Smart contracts are a must-have feature for blockchain platforms. But smart contracts come in many forms. This article compares three different approaches.
Bitcoin was the first form of decentralized programmable money. Bitcoin’s built-in scripting language enables users to specify simple conditions attached to transfers – for example, requiring that two of three accounts have signed a transaction.
But blockchain can be used to execute far more complex and powerful logic. Since Ethereum launched in 2015, a slew of smart contract platforms has followed. Different platforms take different approaches – and each has its own benefits and risks.
The first and still the largest smart contract platform, Ethereum offers Turing-complete contracts.
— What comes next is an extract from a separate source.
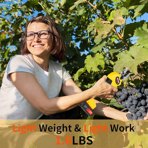 - Amplia aplicación y ligera: versátil y pesa menos de 2 libras, esta podadora eléctrica es ideal para jardines, huertos, granjas, parques e invernaderos. Corta fácilmente vides, cerezos, manzanos y mucho más. La podadora inalámbrica ergonómica y ligera hace que la jardinería sea cómoda y sin esfuerzo para todos: jóvenes o mayores, mujeres u hombres.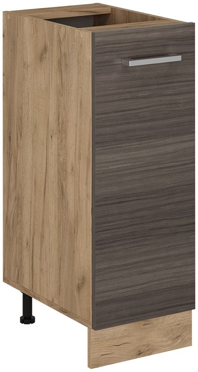Der Vicco Apothekerschrank in Edelgrau ist der ideale Unterschrank für Ihre Küche. Mit einem Maß von 30 x 81,6 x 47,6 cm (BxHxT) bietet er viel Stauraum und kann modular umgestellt werden. Die höhenverstellbaren Füße ermöglichen eine individuelle Anpassung. Hergestellt aus 16 mm Spanplatte mit einer Melaminharzbeschichtung, vereint dieser Schrank Funktionalität und Stil. **Highlights** - Modular umstellbar für flexible Nutzung - Höhenverstellbare Füße für individuelle Anpassung - Melaminharzbeschichtung für langlebige Oberfläche - Viel Stauraum für Küchenutensilien - Stilvolles Design in Edelgrau **Produkteigenschaften** - Farbe Korpus: Goldkraft Eiche - Farbe Front: Edelgrau - Maße: 30 x 81,6 x 47,6 cm (BxHxT) - Material: Spanplatte, 16 mm - Artikelgewicht: 17,92 kg - Artikelgewicht inkl. Verpackung: 19,9 kg **Lieferumfang** - Apothekerunterschrank als Bausatz - Montageanleitung - Montagematerial - Dekoration nicht im Lieferumfang enthalten

This means that theoretically any computational operation can be replicated on the Ethereum network. In other words, you can build pretty much anything.
Of course, the delays and bottlenecks of the blockchain mean you wouldn’t generally want to do that, but the point stands: Ethereum is an extremely powerful platform. That power is certainly an advantage, but it also brings vulnerabilities.
Ethereum is arguably too powerful, and too complex. Ethereum’s history is littered with examples of times when hackers were able to exploit vulnerabilities or features in a smart contract: The DAO, the two Parity wallet hacks, and many more. These were missed because the way Ethereum’s smart contract language, Solidity, operates means ‘edge cases’ are possible and it’s hard to figure out where all the security holes might be. Moreover, the fact that you can execute code of any complexity means it’s possible to write code that executes unpredictably – for example, it may be impossible to know how much it will cost to run.
Ethereum, then, is an amazing platform with exceptional innovation – but its power means it can also be risky. When you’re dealing with financial applications that process millions of dollars of users’ funds, that’s not a chance you want to take.
Funded by a year-long, $4 billion ICO, EOS has been called the ‘Ethereum killer’ – though it hasn’t yet delivered on this title. EOS is more like a blockchain operating system that enables a wide range of use cases. It’s massively more scalable than Ethereum, and doesn’t have transaction fees (removing that element of Ethereum’s vulnerability by default). But it’s also far more centralized, with just 21 Block Producers, and concerns that they could collude or be coerced to falsify blockchain data.
For its smart contracts, EOS uses WebAssembly (WASM), which enables developers to code in C++ and compile to WASM for use on EOS. It solves many of the issues of Solidity; as EOS’s GitHub explains, ‘In the world of blockchain, any non-deterministic behavior, unbounded computation, or unbounded use of RAM can take down the blockchain for everyone, not just a single user’s web browser. Single-threaded performance, fast compilation/validation of Wasm, and low-overhead calls to native code are critical to blockchains.’ It’s worth noting that C++ wasn’t designed for blockchains, and its standard can be messy, with implications for edge cases.
Ergo’s approach is similar in many ways, avoiding the most common issues that have plagued Ethereum. ErgoScript, which is based on Scala and designed specifically for execution in a blockchain environment, supports formal verification. it is always known in advance that a script will execute properly, and how much it will cost.
Ergo’s key difference is the use of Sigma Protocols, a powerful class of zero-knowledge protocols that enable very flexible use cases off the peg. In short, while you can do anything with Ethereum, trying to is often a bad idea. It’s either expensive, complex or risky. Ergo enables developers to implement use cases – including ring and threshold signatures, as well as other specialist cryptographic operations, for greater privacy and multi-party computation – easily and safely.
In itself, ErgoScript isn’t Turing complete. This is an intentional design choice taken to avoid the exploits that have seen tens of millions of dollars stolen from Ethereum applications or locked in its smart contracts. However, the Ergo platform can be used to create Turing-complete applications, but iterating operations over multiple blocks. This offers the best of both worlds: the safety provided by preventing unrestricted functionality, but nonetheless enabling complex dApps on the blockchain.